El Vicepresidente Nguema Obiang Mangue realizó una visita sorpresa al nuevo Sofitel Presidencial para comprobar su estado antes de la llegada del Pontífice. El hotel se perfila como una de las principales opciones de hospedaje.
En la noche del miércoles 9 de abril, el Vicepresidente de la República llevó a cabo una inspección inesperada al nuevo hotel Sofitel Presidencial, situado frente a la Catedral Metropolitana de Malabo. La visita responde al interés del Ejecutivo por garantizar espacios adecuados para recibir a la delegación que acompañará al Papa durante su próxima estancia en el país.

Durante el recorrido, el dirigente estuvo acompañado por responsables de áreas clave del Gobierno, entre ellos los titulares de Obras Públicas, Hacienda y Tesorería. La comitiva revisó distintas zonas del establecimiento, incluyendo el hall principal, la piscina y varias dependencias internas, con el objetivo de evaluar tanto la infraestructura como los servicios disponibles.

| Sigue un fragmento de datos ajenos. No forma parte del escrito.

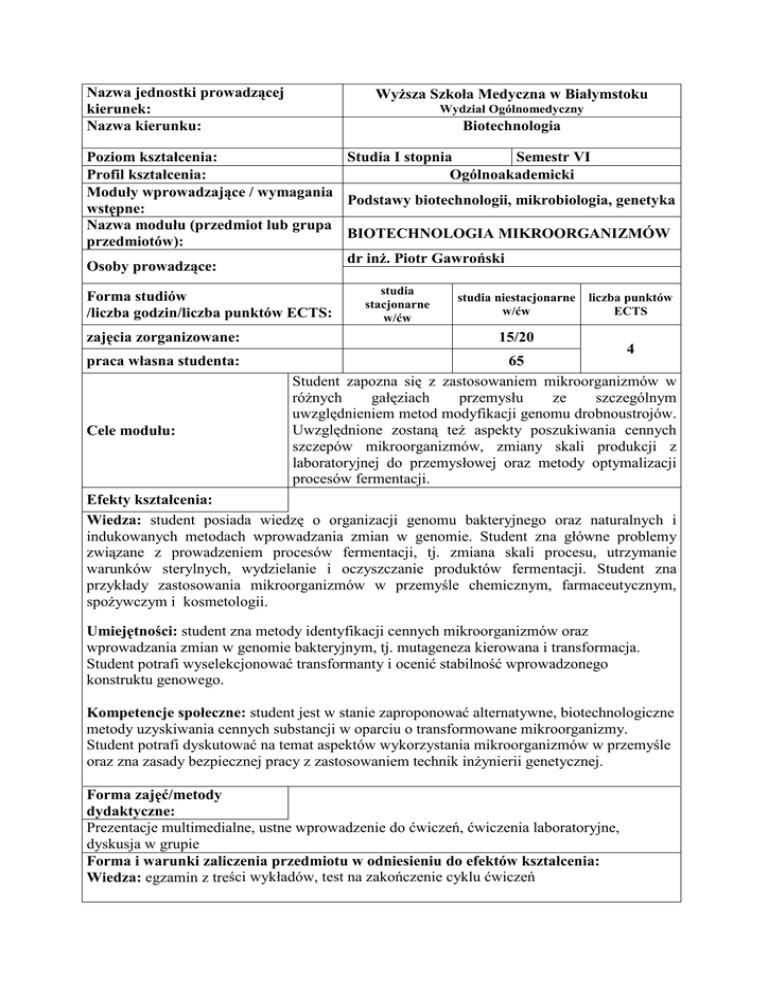 Nazwa jednostki prowadzącej kierunek: Nazwa kierunku: Wyższa Szkoła Medyczna w Białymstoku Wydział Ogólnomedyczny Biotechnologia Poziom kształcenia: Studia I stopnia Semestr VI Profil kształcenia: Ogólnoakademicki Moduły wprowadzające / wymagania Podstawy biotechnologii, mikrobiologia, genetyka wstępne: Nazwa modułu (przedmiot lub grupa BIOTECHNOLOGIA MIKROORGANIZMÓW przedmiotów): dr inż. Piotr Gawroński Osoby prowadzące: Forma studiów /liczba godzin/liczba punktów ECTS: zajęcia zorganizowane: praca własna studenta: Cele modułu: studia stacjonarne w/ćw studia niestacjonarne w/ćw liczba punktów ECTS 15/20 4 65 Student zapozna się z zastosowaniem mikroorganizmów w różnych gałęziach przemysłu ze szczególnym uwzględnieniem metod modyfikacji genomu drobnoustrojów. Uwzględnione zostaną też aspekty poszukiwania cennych szczepów mikroorganizmów, zmiany skali produkcji z laboratoryjnej do przemysłowej oraz metody optymalizacji procesów fermentacji. Efekty kształcenia: Wiedza: student posiada wiedzę o organizacji genomu bakteryjnego oraz naturalnych i indukowanych metodach wprowadzania zmian w genomie. Student zna główne problemy związane z prowadzeniem procesów fermentacji, tj. zmiana skali procesu, utrzymanie warunków sterylnych, wydzielanie i oczyszczanie produktów fermentacji. Student zna przykłady zastosowania mikroorganizmów w przemyśle chemicznym, farmaceutycznym, spożywczym i kosmetologii. Umiejętności: student zna metody identyfikacji cennych mikroorganizmów oraz wprowadzania zmian w genomie bakteryjnym, tj. mutageneza kierowana i transformacja. Student potrafi wyselekcjonować transformanty i ocenić stabilność wprowadzonego konstruktu genowego. Kompetencje społeczne: student jest w stanie zaproponować alternatywne, biotechnologiczne metody uzyskiwania cennych substancji w oparciu o transformowane mikroorganizmy. Student potrafi dyskutować na temat aspektów wykorzystania mikroorganizmów w przemyśle oraz zna zasady bezpiecznej pracy z zastosowaniem technik inżynierii genetycznej. Forma zajęć/metody dydaktyczne: Prezentacje multimedialne, ustne wprowadzenie do ćwiczeń, ćwiczenia laboratoryjne, dyskusja w grupie Forma i warunki zaliczenia przedmiotu w odniesieniu do efektów kształcenia: Wiedza: egzamin z treści wykładów, test na zakończenie cyklu ćwiczeń Umiejętności: wykonywanie doświadczeń na ćwiczeniach, dyskusja w grupie, prawidłowe przeprowadzenie analizy restrykcyjnej plazmidu i interpretacja wyników (elektroforegram), prawidłowe przeprowadzenie reakcji PCR i interpretacja wyników Kompetencje: umiejętność współpracy ze zwróceniem uwagi na właściwy podział obowiązków, rzeczowa dyskusja i zdolność wyciągania wniosków, umiejętność prezentacji wyników w sposób zrozumiały dla grupy Treści programowe: Wykłady: studia niestacjonarne 1. 2. 3. 4. 5. 6. 7. Genom bakteryjny: struktura, organizacja i ekspresja genów. (2h) Legislacja i bezpieczeństwo pracy z zastosowaniem technik inżynierii genetycznej. (2h) Rodzaje wektorów umożliwiających ekspresję informacji genetycznej w bakteriach. (2h) Horyzontalny transfer genów: koniugacja, transformacja i transdukcja. (2h) Znaczenie bakteriofagów w medycynie i przemyśle farmaceutycznym. (2h) Wytwarzanie białek ludzkich przez bakterie oraz produkcja szczepionek i antybiotyków. (2h) Mikroorganizmy pomocne w ochronie środowiska. Broń bakteriologiczna i jej dezaktywacja. (2h) 8. Źródła i przechowywanie cennych szczepów mikroorganizmów. (1h) Ćwiczenia: studia niestacjonarne 1. 2. 3. 4. 5. Identyfikacja mikroorganizmów: techniki Southern Blot i PCR. (3h) Budowa konstruktu genowego do transformacji mikroorganizmów. (3h) Techniki wprowadzania materiału genetycznego do komórek drobnoustrojów. (3h) Techniki selekcji transformantów i określanie wydajności trasnformacji. (3h) Pozyskiwanie szczepów mikroorganizmów o potencjalnym zastosowaniu przemysłowym. (3h) 6. Wykorzystanie mikroorganizmów i ich metabolitów we współczesnej kosmetologii. (3h) 7. Przemysłowa produkcja etanolu i kwasu cytrynowego. Test. (2h) Literatura podstawowa: 1. Salyers A.A., Witt D.D., tłum. pod red. Z. Markiewicza: Mikrobiologia. Różnorodność, chorobotwórczość i środowisko 2. red. Baj J., i Markiewicz Z.: Biologia molekularna bakterii Wyd. PWN 2006; 3. Nicklin J. Graeme-Cook K., Killington R., tłum. pod red. Z. Markiewicza: Mikrobiologia, Krótkie wykłady Wyd. PWN 2006 4. Łabużek S., Necklen D., Radziejewska-Lebrecht J.: Biotechnologia mikroorganizmów: wybrane zagadnienia. Wyd. Uniwersytet Śląski, Katowice 2002 Literatura uzupełniająca: 1. red. Z. Libudzisz, K. Kowal, Z. Żakowska: Mikrobiologia techniczna, (t. 1) Mikroorganizmy i środowiska ich występowania Wyd. PWN 2007.

El Vicepresidente también mantuvo un intercambio directo con el empresario encargado del proyecto, a quien trasladó recomendaciones orientadas a mejorar aspectos relacionados con el confort, la estética y el nivel de exclusividad del hotel. La intención es posicionar el recinto como un referente capaz de atraer turismo de alto nivel y visitantes internacionales.
Nguema Obiang Mangue destacó la ubicación estratégica del Sofitel en el corazón de Malabo, subrayando su potencial como punto clave dentro de la oferta hotelera del país. No obstante, insistió en la necesidad de seguir elevando los estándares para competir con destinos turísticos consolidados.
Al finalizar la inspección, concluyó que el hotel ya cumple con las condiciones básicas para recibir huéspedes. Además, consideró que está preparado para acoger eventos y visitas de alto perfil, incluida la delegación papal, consolidándose como una infraestructura clave en la proyección internacional de Guinea Ecuatorial.